2. The description of chess patterns

There are several ways of describing positions in chess. One of the most popular is called FEN (Forsyth-Edwards Notation). Proposed in 1883, unlike notation systems for plays and games, FEN is used to score a position on the chessboard. However, it defines where each piece is unambiguously found on the chessboard.

A pattern description language requires more information about the position. It deals with the most basic elements of chess: attack and defense. A chess player sees when a piece is attacked or when a piece is defended. Nonetheless, it is as well necessary to know whether a piece is able to also attack a set of squares that not necessarily contain any piece. In fact this is how players remember positions. This has been proven, first by Adrian De Groot (de Groot, 1965), and later by H. Simon and B. Chase (Simon and Chase, 1973), who concluded that the player encodes positions as a set of relations between the pieces, instead of seeing positions as if they were photographs. De Groot experimented with the world best players by proposing to them positions which lacked any chess logic, for instance, game states highly unlikely and even illegal chess positions (pawns in the first line, both kings in check, etcetera, in the Simon and Chase study). The great players experienced the same difficulties, just like any chess beginner player to recall these positions. The Simon and Chase analysis and De Groot’s study eliminate the myth that the chess player has a photographic memory of the board and, on the other hand, it is confirmed that in some way the players remember the positions as the relationships between the chess pieces.

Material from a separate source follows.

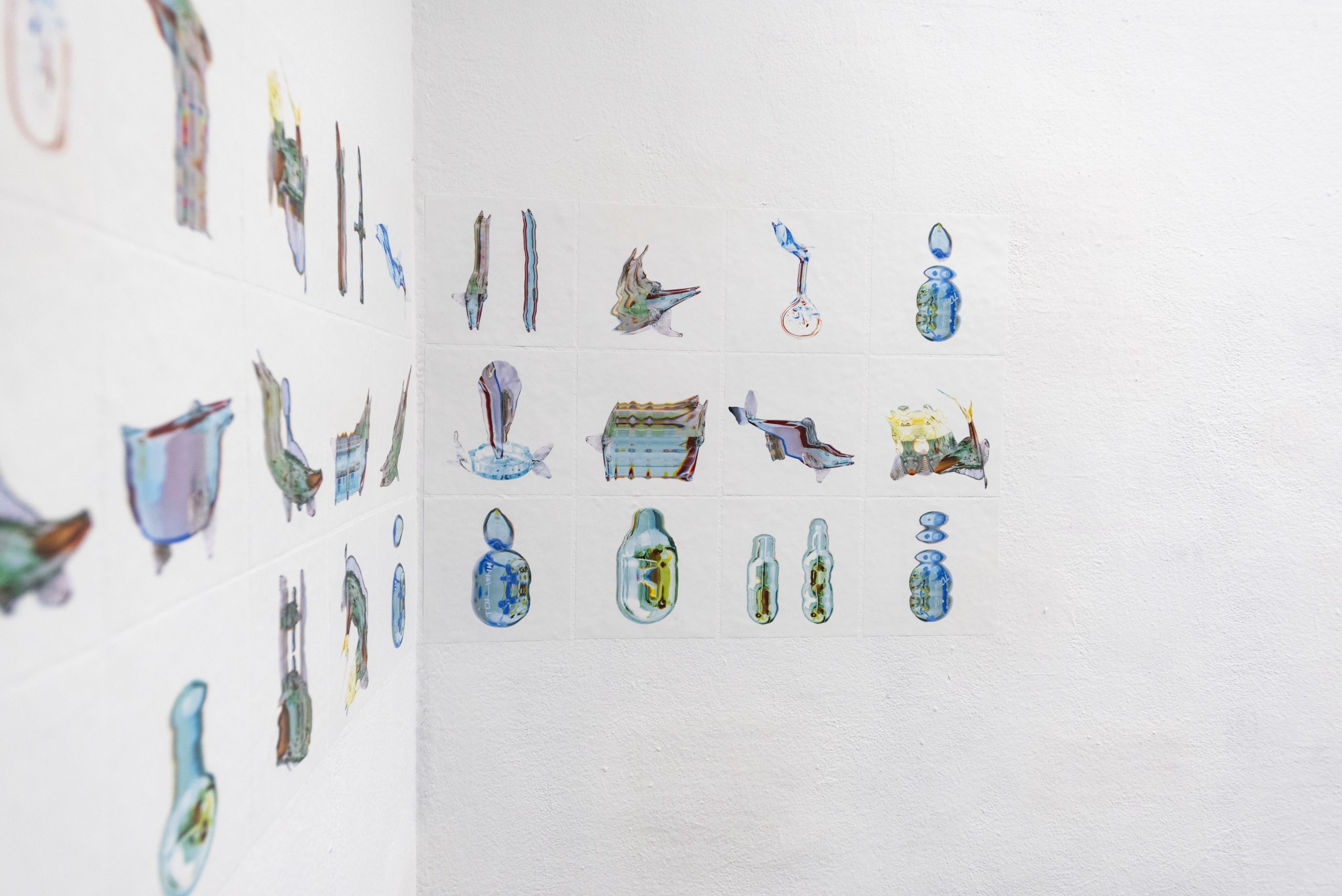 Историята на завода приключва интригуващо: „На 27 април 1998 г. „Булгаргаз“ ЕАД внезапно спира подаването на природен газ към завода. Официалната версия е, че към дружеството са натрупани множество дългове. Какво означава това за този 24-часов работен процес, в който пещите са били пълни с разтопена стъкломаса, готова за непрекъснато производство?“, пита авторката в текста на изложбата. „Не е имало време дружеството да мине отново на мазут. Около 700 тона стъкломаса е изстинала и е кристализирала в пещите. (…) Ваните, превърнали се в неизползваеми, са били разрушени, а стъклото е разбито на парчета.“ Оттам тръгва и една приятна художествена интерпретация, в която сканирани отпечатъци от тези парчета се прехвърлят в дигиталното пространство и с помощта на действието на движещата се ръка на Невена, техният облик се разтяга върху скенера, сякаш съвсем извън физическото пространство. Впоследствие изображенията са екстраполирани и представени като абстрактни рисунки, отново изпечени върху стъкло, докосвайки се по този начин обратно до своята изначална природа.

A chess pattern is thus defined as a generalization of a relationship among pieces (attacks and defenses), containing its essential characteristics. We think this is a novel part in the description of a pattern. Let us consider only two types of relationships: attack and defense. An attack occurs when a player’s piece assails a piece belonging to the opposite player; a defense is given when a piece of one of the players covers another of the same side. Notice that these simple definitions are based on relationships among rival pieces in the attack, and relationships among pieces of the same colour in the defense. Further, the description of the chess patterns goes beyond simply seeing the positions of the pieces in specific squares, by describing them also in terms of what pieces attack and/or defend pieces and the various squares of interest. But this definition is static. A pattern also has to describe the dynamic change in position, which occurs when describing the movement, or sequence of movements that provide an advantage to a player.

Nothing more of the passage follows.